The Benet Store is located at 62 St. George Street, St. Augustine, Florida. The building is within the territory of the St. Augustine Town Plan Historic District.

== Early Occupants ==
The first documented structure at this site appears on a 1765 map of the town. Later, a map of 1788 describes the house on this lot as a house of "wattle and daub in fair condition," owned by Matias Pons. It remained in his possession until he died in 1817, when his will described the property as a "stone and wood house with a store of victuals and provisions situated on St. George Street that goes to the Land Gate [present day City Gate] with its corresponding lot." The property continued in the hands of his heirs until Peter Benet purchased it in 1839.

== The Benet Family ==
Pedro Benet (widely known as "The King of the Minorcans" after the distinctive ethnic group that settled in St. Augustine in 1777) and his wife, Juana Hernández, had ten children, among whom was Joseph Ravina Benet who later assisted in store operations. Pedro Benet's application for leave to remove his retail liquor shop from the southeast (the current reconstructed Benet House) to the southwest corner of St. George and Cuna Streets is recorded in the City Council Minute Book of October 13, 1840.
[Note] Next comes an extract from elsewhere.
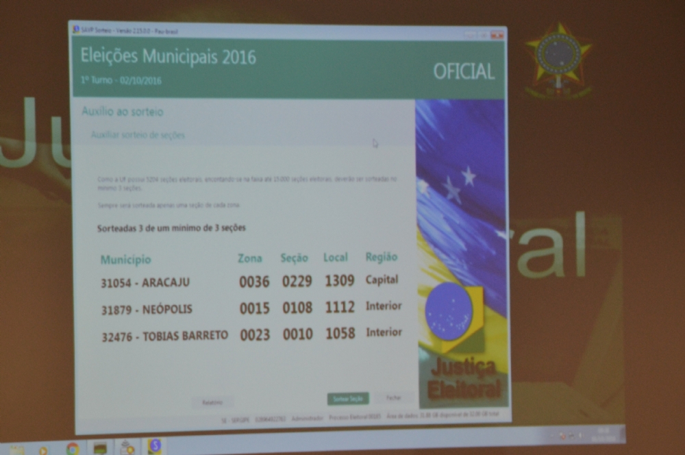 Na manhã deste sábado, 1º, faltando apenas um dia para o processo eleitoral 2016, acontece o sorteio da Votação Paralela na sede do Tribunal Regional Eleitoral (TRE/SE). O processo ocorre tranquilamente com o sorteio de três urnas, sendo duas seções no interior e uma na capital.

Before Pedro Benet purchased 62 St. George Street from the Pons heirs, Benet operated his own store on the ground floor of his own house across the street, as evidenced through taxes he paid on stock at $16 per year for shop licenses. After Pedro Benet died in 1870, his son Joseph Ravina Benet held occupational licenses from 1871-1883 on the house. The licenses were usually listed for keeping a store, or for selling goods, wares, and merchandise. In 1872 Joseph Ravina Benet was able to procure a license to sell wine and malt liquors, and in 1882-1883 he was able to sell tobacco and cigars.
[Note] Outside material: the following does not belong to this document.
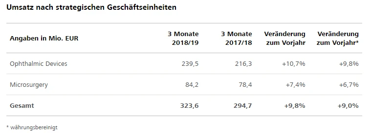 Gute Geschäfte in seinen Kernmärkten Deutschland, Frankreich und Südeuropa haben das Wachstum des Medizintechnik-Unternehmens Carl Zeiss Meditec zum Start ins neue Geschäftsjahr 2018/19 angetrieben. Dabei konnte in beiden Geschäftsbereichen zulegen. "Wir sind erfolgreich in das neue Geschäftsjahr gestartet und konnten unsere Marktanteile in beiden strategischen Geschäftseinheiten weiter ausbauen", sagt Vorstand Dr. Ludwin Monz.

The general store remained in existence until the late 19th century, when a notice in an 1887 newspaper appeared ordering the sale of Pedro Benet's property.

The name Benet later became world-famous because of the writings of brothers Stephen Vincent Benet and William Rose Benet (both Pulitzer Prizewinning poets) and their sister Laura Benet, also a widely published author. The literary Benet siblings were the great-grandchildren of Pedro Benet and the grandchildren of Brigadier General Stephen Vincent Benet, the first West Point appointee from the new state of Florida in 1845 and a trusted advisor to Abraham Lincoln during the Civil War. A building at West Point is named in honor of General Benet. All three of the literary Benets spent time in St. Augustine in the 1940s.

The old Benet store was demolished on August 13, 1903, before Bernard A. Masters built a new building on the site.

== San Agustín Antiguo ==
In 1967, the Historic St. Augustine Preservation Board began reconstructing a building on the old foundations of the old Benet store using early photographs, historic research, and recollections of two surviving members of the Benet family. During the era of San Agustín Antiguo, a living history museum running the length of St. George Street, the Benet store was on display as a craft store and museum. It was reconstructed as a 19th-century general store; sausage stuffers, a cabbage shredder, an auger, hand wrought shears, and tongs hung from the ceiling. There were barrels of food throughout the store and announcements for ship arrivals into the port of St. Augustine lined the walls.

== Present Day ==
Today, the Benet store is retail space occupied by a jewelry store called J. R. Benet. The company, founded in 1979, makes handcrafted jewelry and gifts.